I don't think the maximum value that we can reach has any link with possible precision errors.
The DP is :
DP[i][gold] = max(DP[i-1][gold], DP[i-1][silver]/Ai)
DP[i][silver] = max(DP[i-1][silver], DP[i-1][gold]*Ai)
We are taking multiplications and not any kind of additions so whether your current power of 10 is 1 or 200 it doesn't matter for the precision error. And between the two value compared, the maximum ratio before multiplying/dividing for the final values to be approximately equals (which is where a precision error could happen) is max(Ai) which is 10^9 which is above the double precision (approx 10^-14 relative to the current power I believe ?).
On the other hand, the maximum value being huge can cause an exponent overflow but you just need to reset it from time to time if (dp[i] > 10^100) dp[i] /= 10^100 ....
You make great sense! What actually restricts me is my poor floating number knowledge xD
can you send your code link
Here.
I guess after some time of multiplying and dividing you will start losing precision and these comparisons will start failing:
dp[i][flag]==dp[i-1][1-flag]/(long double)v[i-1],dp[i][flag]==dp[i-1][1-flag]*(long double)v[i-1].Could you explain why taking logarithm will fix the precision error?

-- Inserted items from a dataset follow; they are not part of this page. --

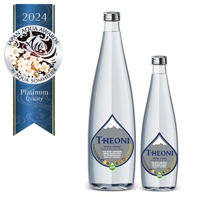 「THEONI CARBONATED NATURAL MINERAL WATER IN GLASS BOTTLE(テオニ)」(炭酸あり/ビン)(4年連続受賞)
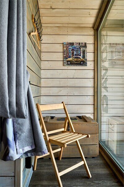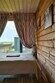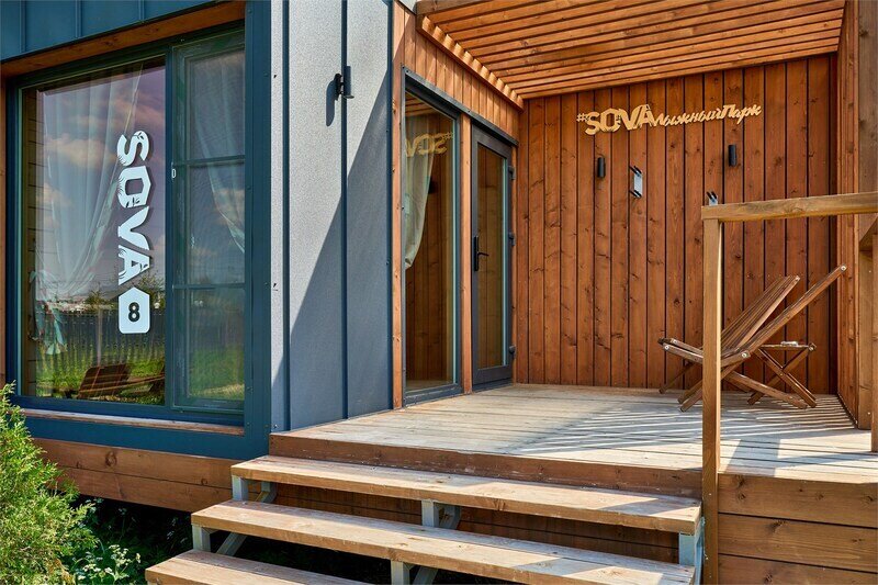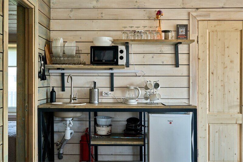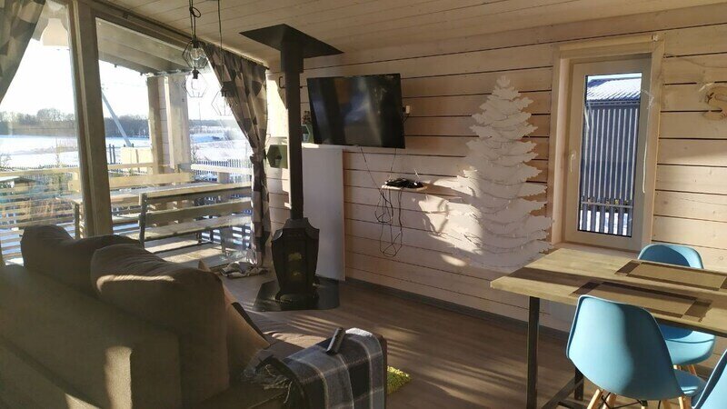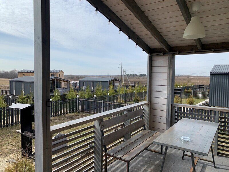 В банном доме есть кухонная зона с кулером, микроволновой печью, чайником и посудой, гостиная зона с панорамными окнами, столом, диваном и телевизором. Совмещенный санузел. Крытая терраса с уличной мебелью.
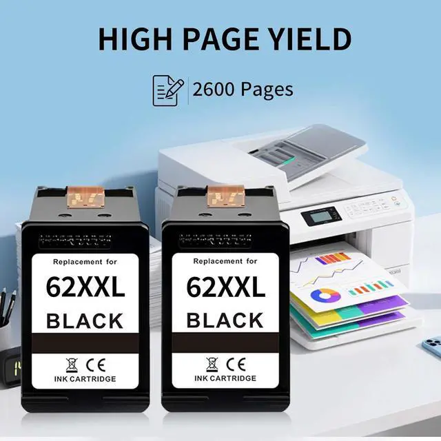 5X Large Capacity | High Page Yield: The latest generation of ultra-high capacity 62 black ink cartridges has 5 times the ink of standard cartridges. Two 62XXL black cartridges can print at least 2,600 pages

I don't understand the solution with logarithms. I approached the problem differently: sell high, buy low. That is I track the local maximum and sell gold at that point. After that I look for the local mimum to buy gold again. I don't even know whether someone solved it the same way =)
Read this comment, if you just do multiplication it'll overflow the safe range for doubles and C++ with only take the numbers in exponential form.
how to solve B .explain please
max of below:
max(a, b) if (abs(a, b) % 3 == 0)
max(a, c) if (abs(a, c) % 3 == 0)
max(b, c) if (abs(b, c) % 3 == 0)
solution by Official Editorial
but.why it is??? how working??
there is explaination in this link https://atcoder.jp/contests/arc128/editorial/2790
Is there a solution code of problem D by the Official Editorial?
I got one, this is simple code... https://atcoder.jp/contests/arc128/submissions/26587762
how to solve C .Thanks~
https://atcoder.jp/contests/arc128/editorial/2791